## EXERCISE AIM
What is needed is an exact repetition of the lines below, from the first one through the one holding "Fotomurales Paisaje con", with no pictures and nothing else.

## DATA SEGMENT

►

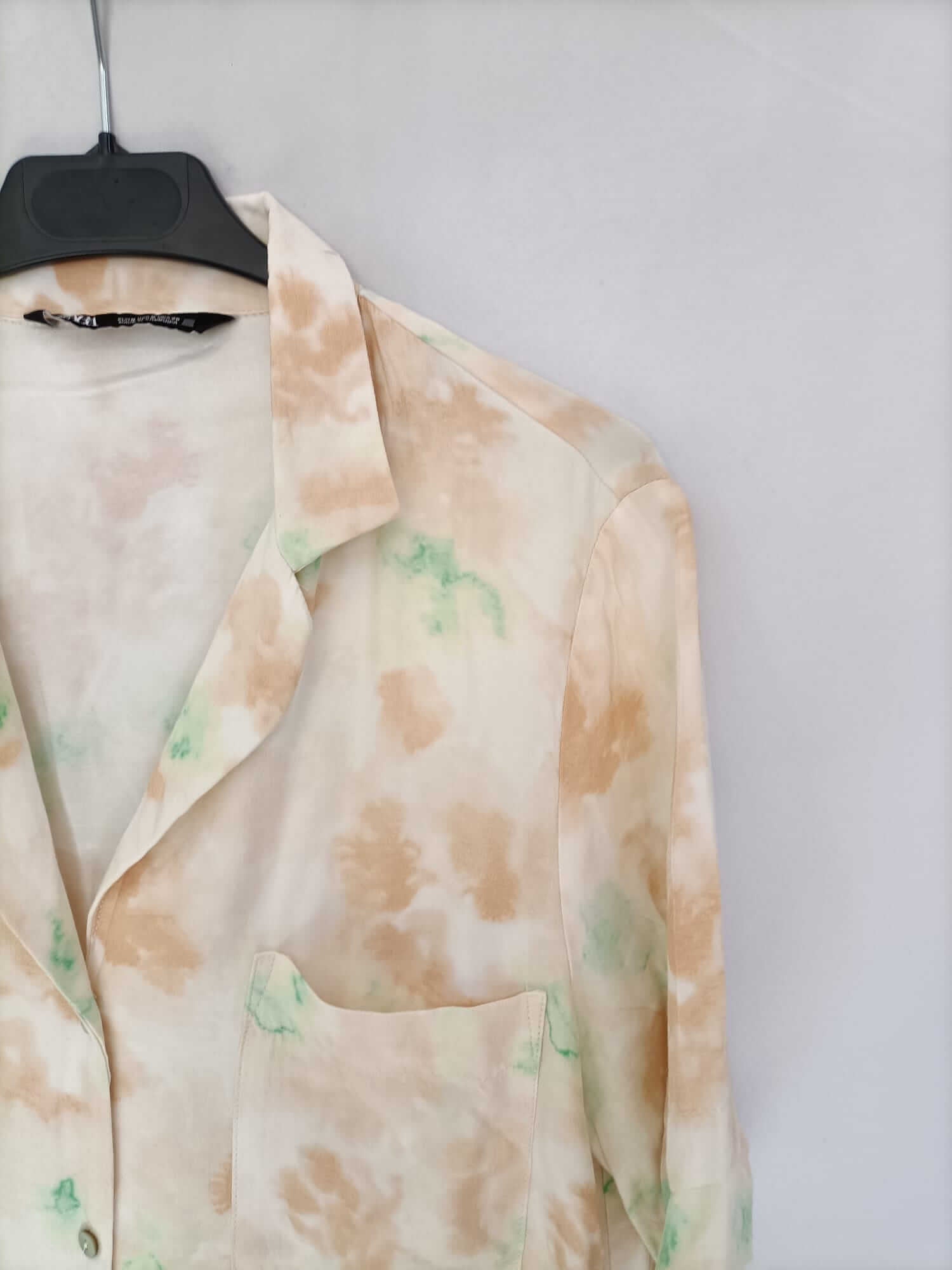 Zara. S. Blusa fluida estampada. Manga corta y Abotonada. No elástica. De sisa a sisa 48 cm largo 76. M
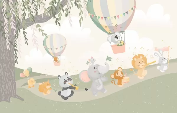 Fotomurales Paisaje con animales tocando instrumentos musicales Nr. w04200
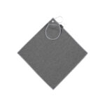 Toalla de golf fabricada en RPET con doble textura: suave acabado bitono por una cara y textura de hilo uniforme por la otra, para adaptarse a diferentes necesidades de limpieza. Su diseño incluye bolsillo para pelotas de golf a juego. Con argolla reforzada y mosquetón de acople. Incluye distintivo RPET en etiqueta.El material RPET se elabora a partir de plástico reciclado, para así fomentar la reutilización de residuos plásticos y ayudar a la sostenibilidad del planeta.
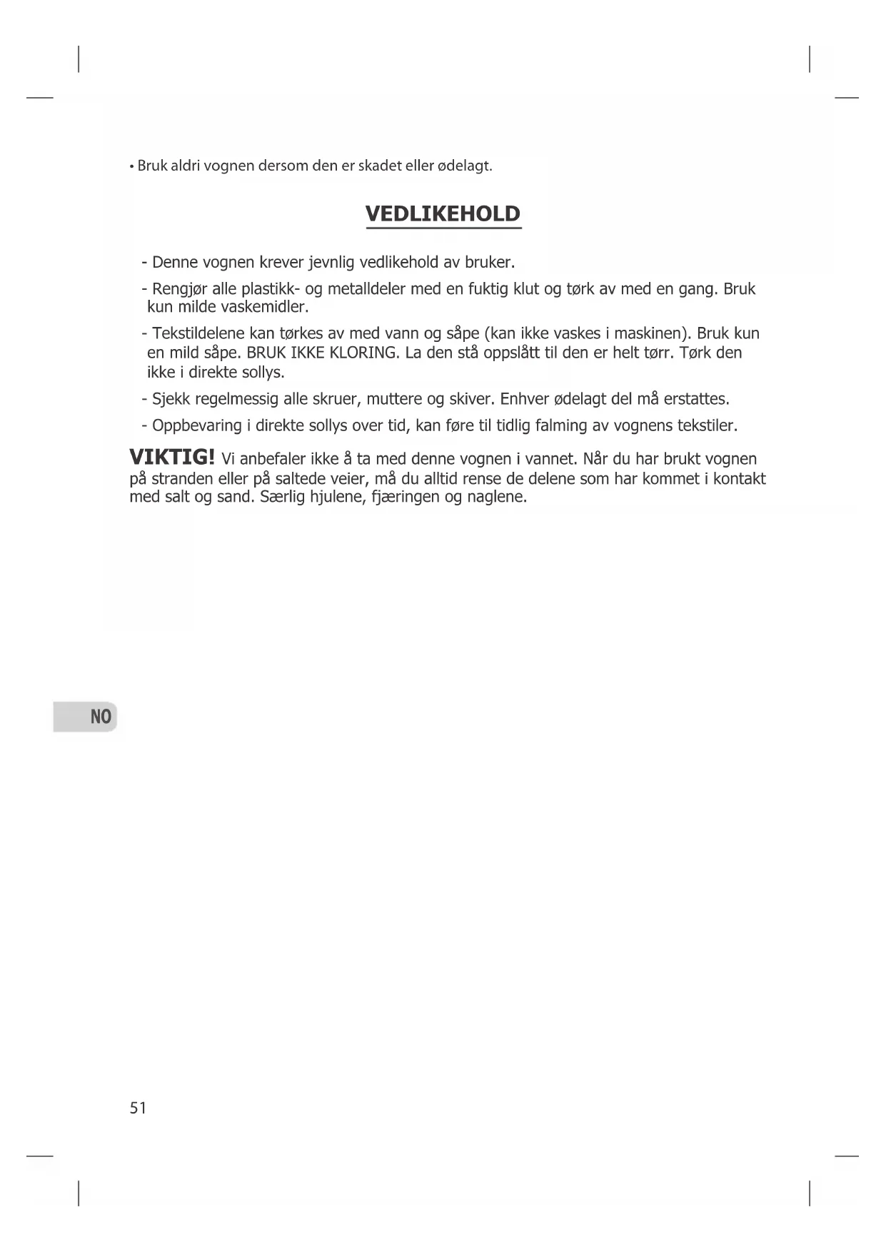 - Nigdy nie wolno podnosic wózka, chwytajac za fotelik samochodowy lub gondole; do podnoszenia uzywaj stelaz. KONSERWACJA - Wózek musi być regularnie sprawdzany przez użytkownika. - Metalowe i plastikowe części wózka należy czyścić za pomocą wilgotnej szmatki, a następnie wysuszyć. Stosować wyłącznie łagodne środki czyszczące. - Części wykonane z materiału można czyścić z użyciem wody(nie prać w pralce). Stosować wyłącznie łagodne środki piorące. Nie wybielać. Pozostaw do całkowitego wyschnięcia. Nie suszyć bezpośrednio na słońcu. - Regularnie sprawdzać śruby, nity i sworznie. Wymienić wszelkie zużyte części. - Długotrwałe wystawienie na działanie światła słonecznego może doprowadzić do wypłowienia części tekstylnych wózka. UWAGA! Nie zaleca się użytkować wózka nad morzem. Jeśli wózek był używany na plaży lub ośnieżonym/posypanym solą chodniku, należy każdorazowo przemywać części, które miały kontakt z solą lub piaskiem, zwłaszcza kółka, sprężyny i sworznie.INFORMACJE OGÓLNE

◄

## ANSWER
 Zara. S. Blusa fluida estampada. Manga corta y Abotonada. No elástica. De sisa a sisa 48 cm largo 76. M
 Fotomurales Paisaje con animales tocando instrumentos musicales Nr. w04200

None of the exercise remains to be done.